See main article astronomical interferometer.

One of the first astronomical interferometers was built on the Mount Wilson Observatory's reflector telescope in 1920 in order to measure the diameters of stars. The red giant star Betelgeuse was among the first to have its diameter determined in this way. This method was extended to measurements using separated telescopes by Johnson, Betz and Towns (1974) in the infrared and by Labeyrie (1975) in the visible. In the late 1970's improvements in computer processing allowed for the first "fringe-tracking" interferometer, which operates fast enough to follow the blurring effects of astronomical seeing, leading to the Mk I,II and III series of interferometers.

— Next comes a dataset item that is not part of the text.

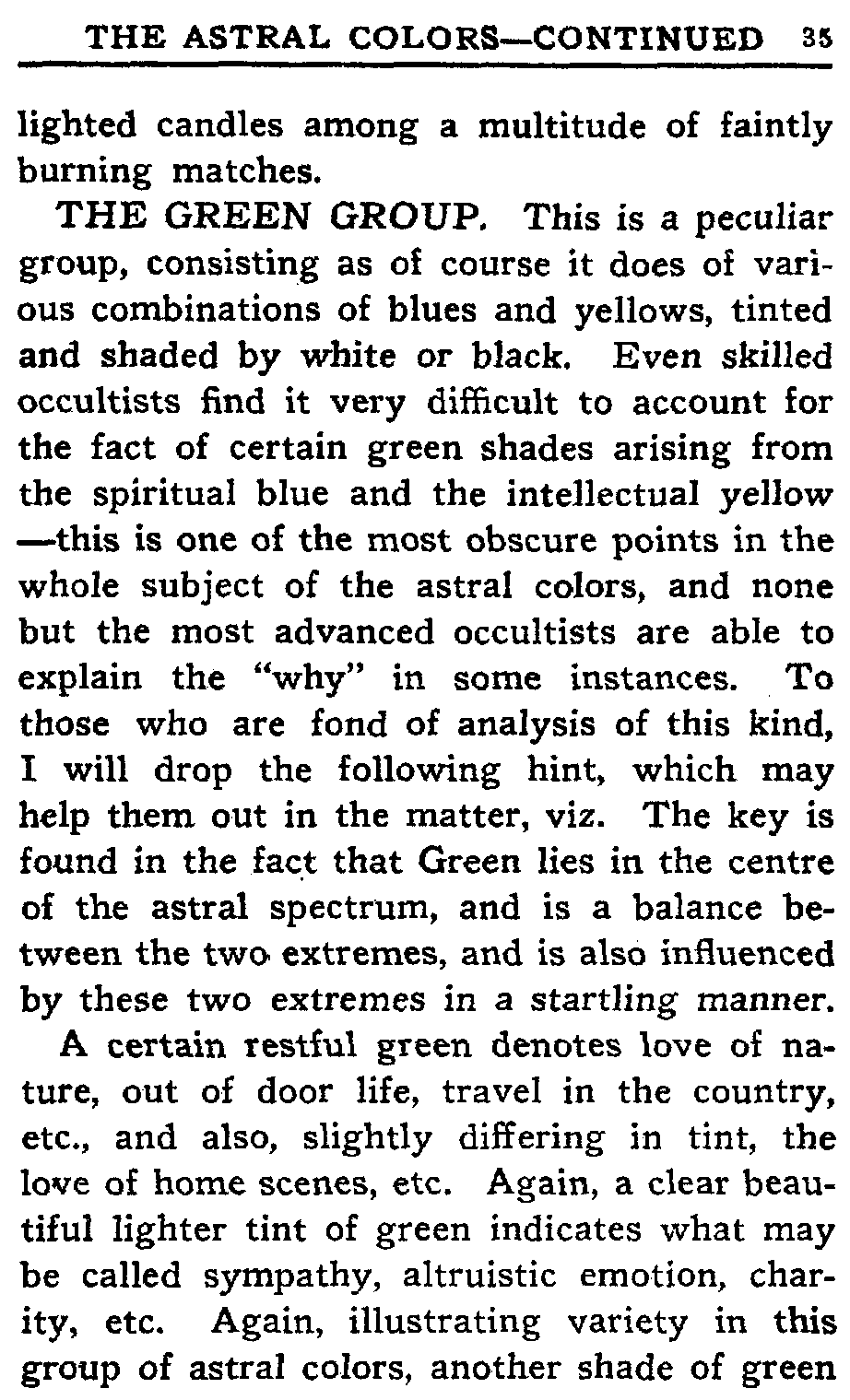 THE GREEN GROUP. This is a peculiar group, consisting as of course it does of various combinations of blues and yellows, tinted and shaded by white or black. Even skilled occultists find it very difficult to account for the fact of certain green shades arising from the spiritual blue and the intellectual yellow—this is one of the most obscure points in the whole subject of the astral colors, and none but the most advanced occultists are able to explain the "why" in some instances. To those who are fond of analysis of this kind, I will drop the following hint, which may help them out in the matter, viz. The key is found in the fact that Green lies in the centre of the astral spectrum, and is a balance between the two extremes, and is also influenced by these two extremes in a startling manner.

Similar techniques have now been applied at other astronomical telescope arrays, including the Keck Interferometer and the Palomar Testbed Interferometer.

In the 1980s the aperture synthesis interferometric imaging technique was extended to visible light and infrared astronomy by the Cavendish Astrophysics Group, providing the first very high resolution images of nearby stars. In 1995 this imaging technique was demonstrated on an array of separate optical telescopes for the first time, allowing a further improvement in resolution, and allowing even higher resolution imaging of stellar surfaces. The same imaging technique has now been applied at the Navy Prototype Optical Interferometer and the IOTA array. In the near future other arrays are expected to release their first interferometric images, including the ISI, VLTI, the CHARA array and the MRO interferometers.

Projects are now beginning that will use interferometers to search for extrasolar planets, either by astrometric measurements of the reciprocal motion of the star (as used by the Palomar Testbed Interferometer and the VLTI) or through the use of nulling (as will be used by the Keck Interferometer and Darwin).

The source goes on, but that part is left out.